A dose habitual do Tandemact é de um comprimido, uma vez por dia, um pouco antes ou com a primeira refeição do dia. O comprimido deve ser engolido inteiro, com um pouco de água. Os doentes a tomar pioglitazona em combinação com outro medicamento da mesma classe da glimepirida (ou seja, outra sulfonilureia) devem mudar dessa sulfonilureia para a glimepirida antes de passar para o Tandemact. Poderá ser necessário reduzir a dose do medicamento ou voltar a utilizar os comprimidos separados nos doentes que tiverem hipoglicemia (níveis baixos de açúcar no sangue) quando estão sob tratamento com o Tandemact.
O Tandemact não pode ser utilizado em doentes com problemas renais graves ou com problemas de fígado.

Como isso funciona?

A diabetes de tipo II é uma doença em que o pâncreas não produz insulina suficiente para controlar o nível de glicose (açúcar) no sangue ou em que o organismo não é capaz de utilizar a insulina de forma eficaz. O Tandemact contém duas substâncias activas com mecanismos de acção diferentes. A pioglitazona torna as células (de gordura, dos músculos e do fígado) mais sensíveis à insulina, o que significa que o organismo aproveita melhor a insulina que produz. A glimepirida é uma sulfonilureia: estimula o pâncreas a produzir mais insulina. Em resultado da acção de ambas as substâncias activas,

  • nível de glicose sanguínea baixa, o que ajuda a controlar a diabetes de tipo II.

Como tem sido estudado?

Visto que a pioglitazona se encontra autorizada na União Europeia desde 2000 com a denominação Actos e que a glimepirida é utilizada em medicamentos autorizados na União Europeia, a empresa apresentou dados obtidos em estudos anteriores e provenientes da literatura publicada. O Actos está aprovado para ser utilizado em combinação com uma sulfonilureia em doentes com diabetes de tipo II que não sejam satisfatoriamente controlados com a metformina em monoterapia (tomada isoladamente). A empresa utilizou três estudos para corroborar a utilização do Tandemact na mesma indicação.
Esses estudos incluíram 1390 doentes que associaram a pioglitazona ao seu tratamento com uma sulfonilureia. Os estudos tiveram uma duração entre quatro meses e dois anos e avaliaram o nível sanguíneo de uma substância denominada hemoglobina glicosilada (HbA1c), a qual dá uma indicação do controlo dos níveis de glicose no sangue.
Os estudos utilizaram a pioglitazona e uma sulfonilureia em comprimidos separados. A empresa forneceu provas de que os níveis das substâncias activas no sangue eram os mesmos nos doentes a tomar Tandemact e nos doentes a tomar os comprimidos separados.
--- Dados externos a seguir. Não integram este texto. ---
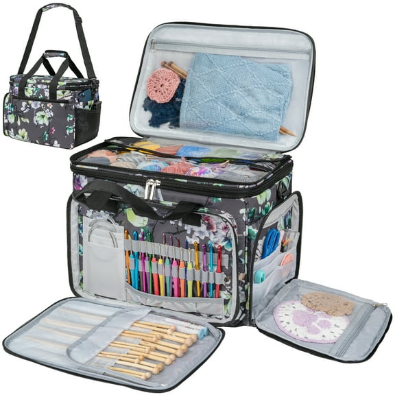 PAVILIA Knitting Bag Yarn Storage Tote, Large Crochet Organizer Bag, Yarn Storage Holder for Crocheting Knitter, Knitting Project Bag, Crochet Accessories Set, Gifts For Crochet Lovers, Floral Gray From $37.99
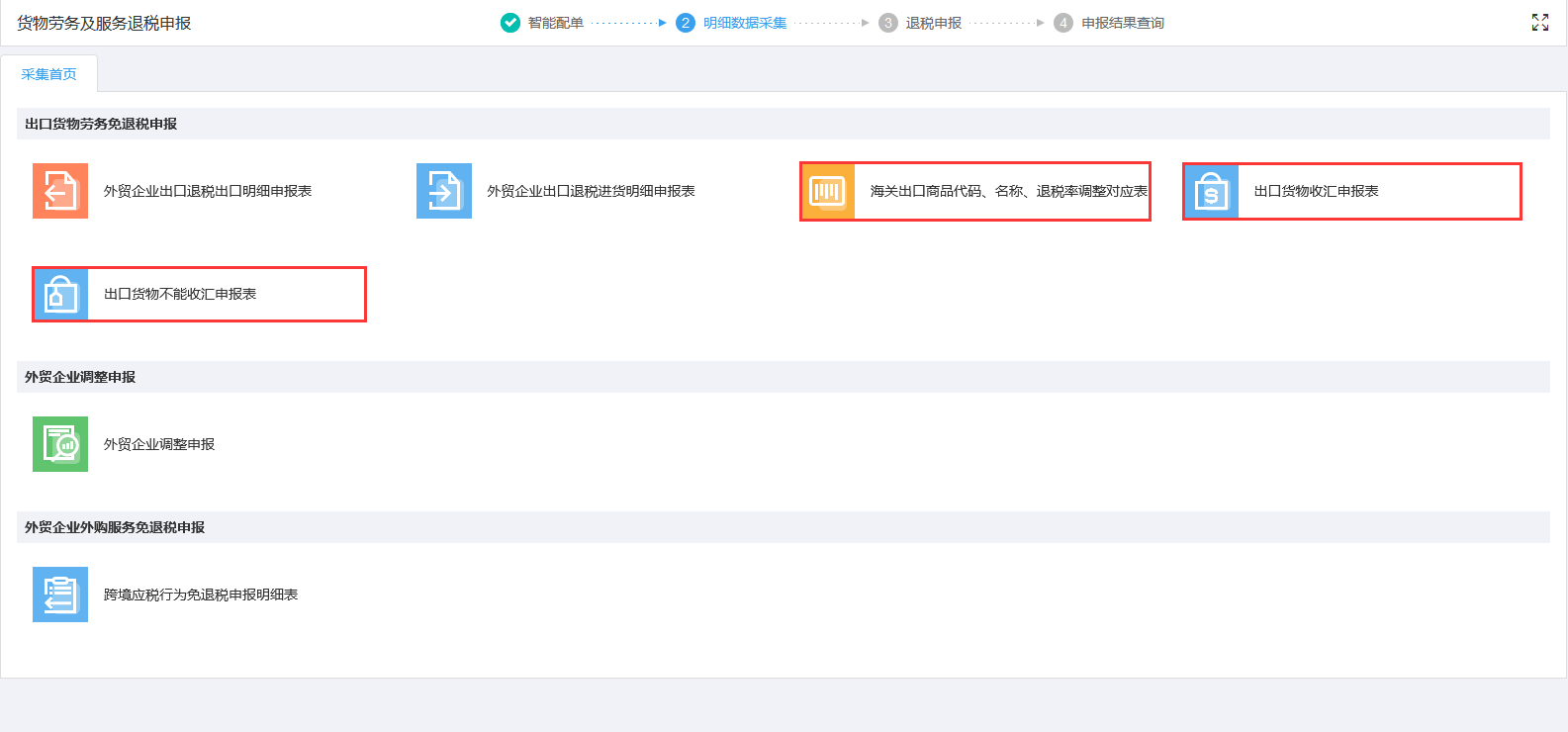 出口退(免)税,属于免退税计算方法的货物数据,根据企业的业务情况可在此菜单对以下业务数据进行采集:“海关出口商品代码、名称、退税率调整对应表”、“出口货物收汇申报表”、“出口货物不能收汇申报表”,点击后可进入对应表单界面。如图:

Qual o benefício durante os estudos?

Em todos os três estudos, os doentes que utilizaram uma associação de pioglitazona com uma sulfonilureia mostraram uma melhoria no controlo dos níveis de glicose no sangue. Os níveis de HbA1c dos doentes desceram de um valor de partida acima de 7,5% para valores entre 1,22 e 1,64%. Pelo menos 64% dos doentes tratados foram classificados como tendo respondido ao tratamento, uma vez que, durante o tratamento, os seus níveis de HbA1c desceram em 0,6%, no mínimo, relativamente aos valores no início do tratamento, ou eram de 6,1% ou menos no final dos estudos.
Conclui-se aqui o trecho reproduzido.